25 (or more) Skills every man should know
Posted by Jonathan on October 24, 2007
Popular Mechanics put 25 skills on their cover, which they believe every man should know. Here is the list . . . .
1. Patch a radiator hose
2. Protect your computer
3. Rescue a boater who has capsized
4. Frame a wall
5. Retouch digital photos
6. Back up a trailer
7. Build a campfire
8. Fix a dead outlet
9. Navigate with a map and compass
10. Use a torque wrench
11. Sharpen a knife
12. Perform CPR
13. Fillet a fish
14. Maneuver a car out of a skid
15. Get a car unstuck
16. Back up data
17. Paint a room
18. Mix concrete
19. Clean a bolt-action rifle
20. Change oil and filter
21. Hook up an HDTV
22. Bleed brakes
23. Paddle a canoe
24. Fix a bike flat
25. Extend your wireless network
While I can do all but #4 and #8 (although I could probably figure them out), I honestly believe this list is not entirely accurate - here are my additions:
- Drive a stick shift
- Kill and Clean a buck or other game animal
- Change a flat tire (side note: nothing irks me more than seeing a “man” standing around watching his girlfriend or wife change a flat tire, because he cannot do it.)
- Cook
- Use Jumper cables
- Know when to be the John Wayne “I’ll kick your ***” type of person, and when to be the compassionate type. (i.e. real men know when it is right to stand up and fight, and how to be compassionate to the sick or depressed).
- Serve your country (it does not have to be in the military, there are other ways to serve)
- Defend his house from intruders
- Clean his firearms after defending his home
- Take & give orders
- Lead and be led when called upon to do either
- Figure out how to install basic appliances - with or without the directions
Some of the things in the Popular Mechanics list are a bit on the geek side of things, but with the increase of technology in daily life it is important that a man can figure these things out. Nevertheless, it is disappointing that so many men have become so emasculated that their wives can do both lists, while they have to stand by and watch. So many men have become feminized to the point that their wives are more manly than they are, and their wife is not even trying!
Gone are the men like Theodore Roosevelt who said:
“It is not the critic who counts; not the man who points out how the strong man stumbles, or where the doer of deeds could have done them better.

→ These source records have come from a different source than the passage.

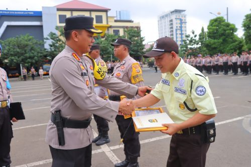 Penyerahan penghargaan berlangsung di Lapangan Mapolresta Bandar Lampung, pada Senin (29/04/2024) pagi.
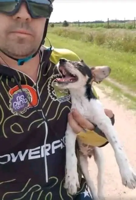 Una cucciola lasciata sola e affamata viene salvata da un uomo in bicicletta: un incontro improvviso cambia il suo destino e le regala una nuova vita.
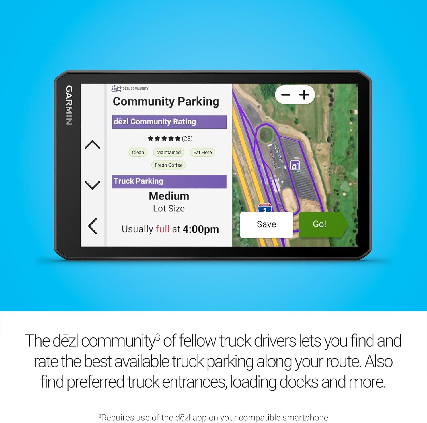 Garmin dēzl™ OTR1020, Extra-Large High-Res 10” GPS Truck Navigator, Custom Routing, Satellite Imagery, Wind Speed, Community-Shared Loading Docks, Entrances and Parking(7″)
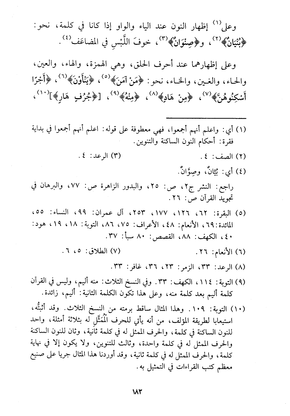 وعَلى إِظْهَار النُّون عِنْد الْيَاء وَالْوَاو إِذا كَانَا فِي كلمة، نَحْو: {بُنيان} ، و {صنْوَان} ، خوف اللّبْس فِي المضاعف.
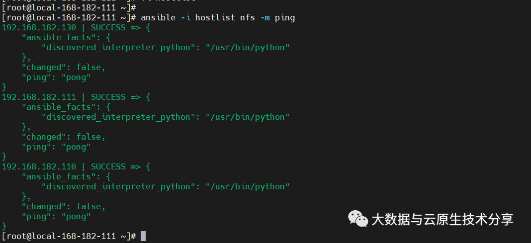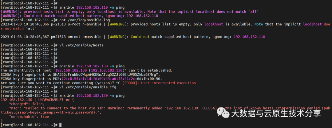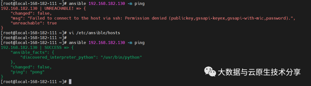 ansible -uroot -k 192.168.182.130 -m ping1.2. 2、配置文件中配置 复制# 默认主机配置文件:/etc/ansible/hosts
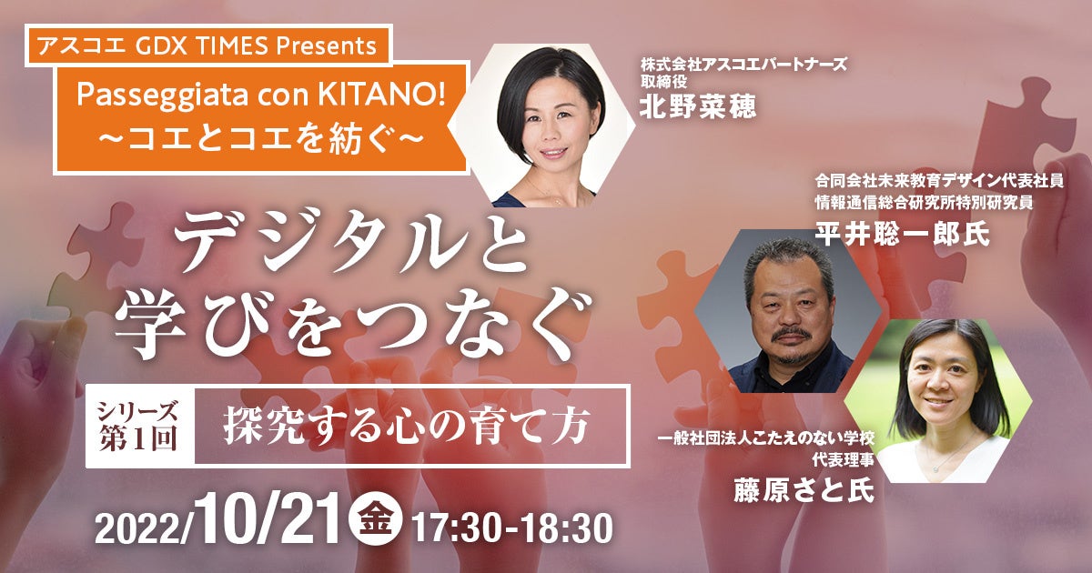 アスコエGDX Times Presents「デジタルと学びをつなぐ シリーズ第1回 探究する心の育て方」平井 聡一郎氏 ×藤原さと氏×北野菜穂 特別対談
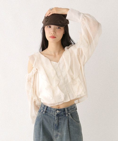 【9/30プライスダウン】ショルダーカットフリルブラウス

The credit belongs to the man who is actually in the arena, whose face is marred by dust and sweat and blood; who strives valiantly; who errs, who comes short again and again, because there is no effort without error and shortcoming; but who does actually strive to do the deeds; who knows great enthusiasms, the great devotions; who spends himself in a worthy cause; who at the best knows in the end the triumph of high achievement, and who at the worst, if he fails, at least fails while daring greatly, so that his place shall never be with those cold and timid souls who neither know victory nor defeat.”

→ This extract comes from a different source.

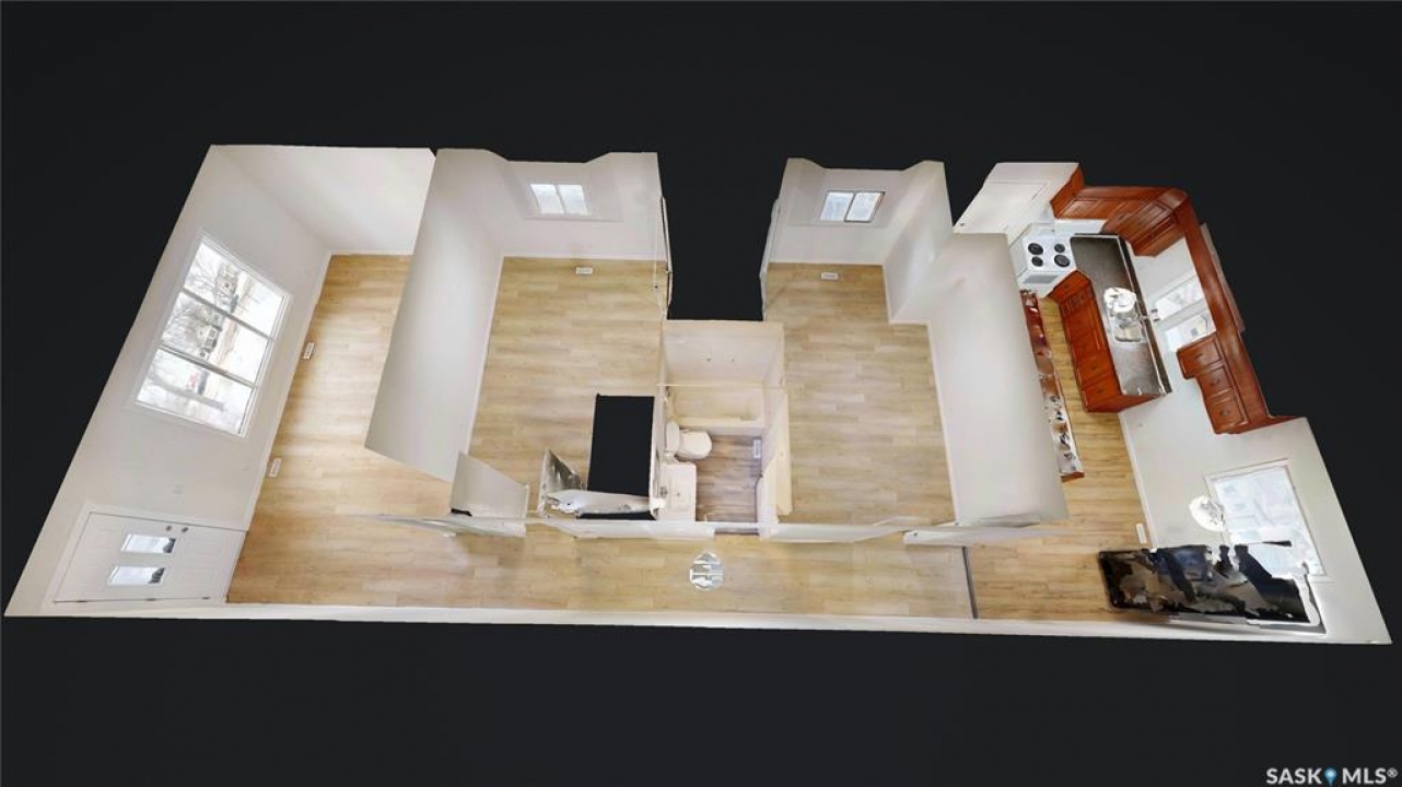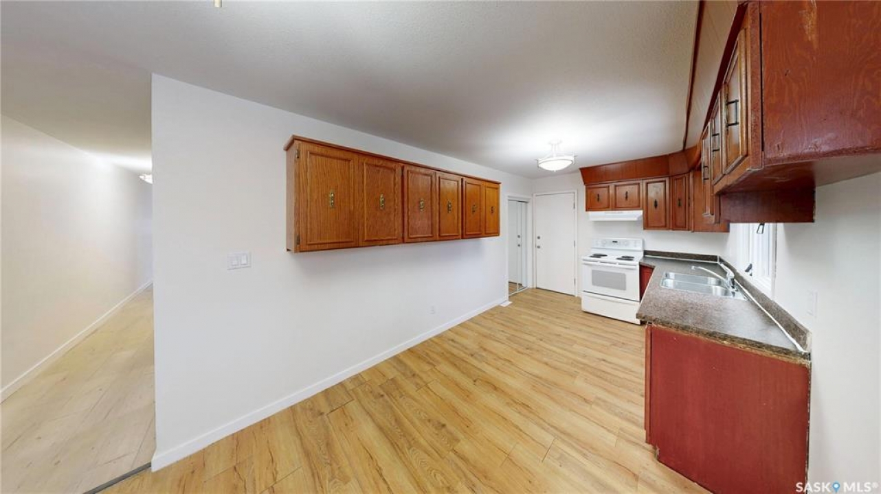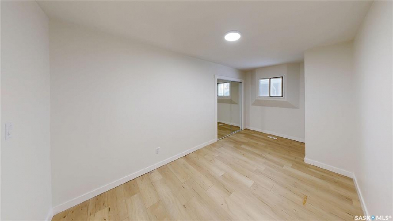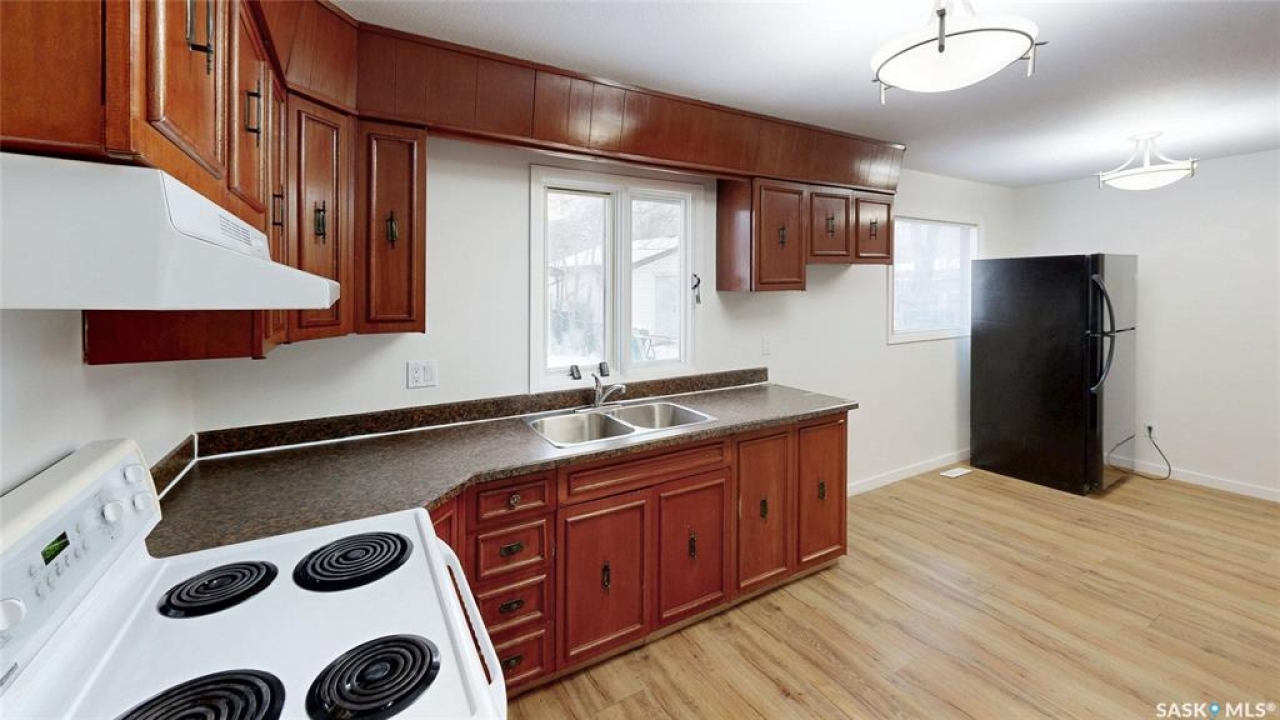 Welcome to 2130 Atkinson Street in the highly convenient Borders Annex neighborhood. This desirable location is just moments away from the General Hospital, St. Augustine and Arcola Elementary Schools, the public library, the Al Ritchie Outdoor Spray Park, and a variety of parks, shops, and essential amenities. This 1916 built, 900 square foot, 2 bedroom 1 bathroom bungalow sits on a 25 x 125 rectangular lot backing a lane. The front yard has a lawn and large trees. The brick finish on the front of the house makes it unique. The fully fenced backyard also has a lawn and trees and access to the single detached garage! You enter the home into the living room with a bright east facing window and modern vinyl plank flooring. The entire home has been freshly painted and is move in ready! The first bedroom has a spacious closet! The 4 piece bathroom is next followed by the large primary bedroom. The dine-in kitchen finished off the main floor with plenty of cupboard space, access to the back yard and the fridge and stove are included! The partial basement is where you'll find the included washer, dryer, furnace and gas water heater!

Theodore Roosevelt was a real man. He knew how to stare down his opponent, and knock him down if needed, he was always faithful to his family and country, his endurance was almost superhuman, and his character was of utmost importance to him. We need more men like him, men who have bold ambition without walking over everyone in their way, who stand back up no matter how many times they are knocked down, and put his priorities in their place.
Some final clarification from another man:
IF
– by Rudyard Kipling
If you can keep your head when all about you
Are losing theirs and blaming it on you;
If you can trust yourself when all men doubt you,
But make allowance for their doubting too;
If you can wait and not be tired by waiting,
Or, being lied about, don’t deal in lies,
Or, being hated, don’t give way to hating,
And yet don’t look too good, nor talk too wise;
If you can dream - and not make dreams your master;
If you can think - and not make thoughts your aim;
If you can meet with triumph and disaster
And treat those two imposters just the same;
If you can bear to hear the truth you’ve spoken
Twisted by knaves to make a trap for fools,
Or watch the things you gave your life to broken,
And stoop and build ‘em up with wornout tools;
If you can make one heap of all your winnings
And risk it on one turn of pitch-and-toss,
And lose, and start again at your beginnings
And never breath a word about your loss;
If you can force your heart and nerve and sinew
To serve your turn long after they are gone,
And so hold on when there is nothing in you
Except the Will which says to them: “Hold on”;
If you can talk with crowds and keep your virtue,
Or walk with kings - nor lose the common touch;
If neither foes nor loving friends can hurt you;
If all men count with you, but none too much;
If you can fill the unforgiving minute
With sixty seconds’ worth of distance run -
Yours is the Earth and everything that’s in it,
And - which is more - you’ll be a Man my son!
By the way: I am mostly addressing external characteristics here. I realize, for any who may be concerned that I am not addressing the fact that a man should be able to help around the house, take care of himself, etc. I have also not addressed the heart issues of what a man should be to his wife, as commanded in the scriptures - those are of course of utmost importance, but they are just not the subject of this post.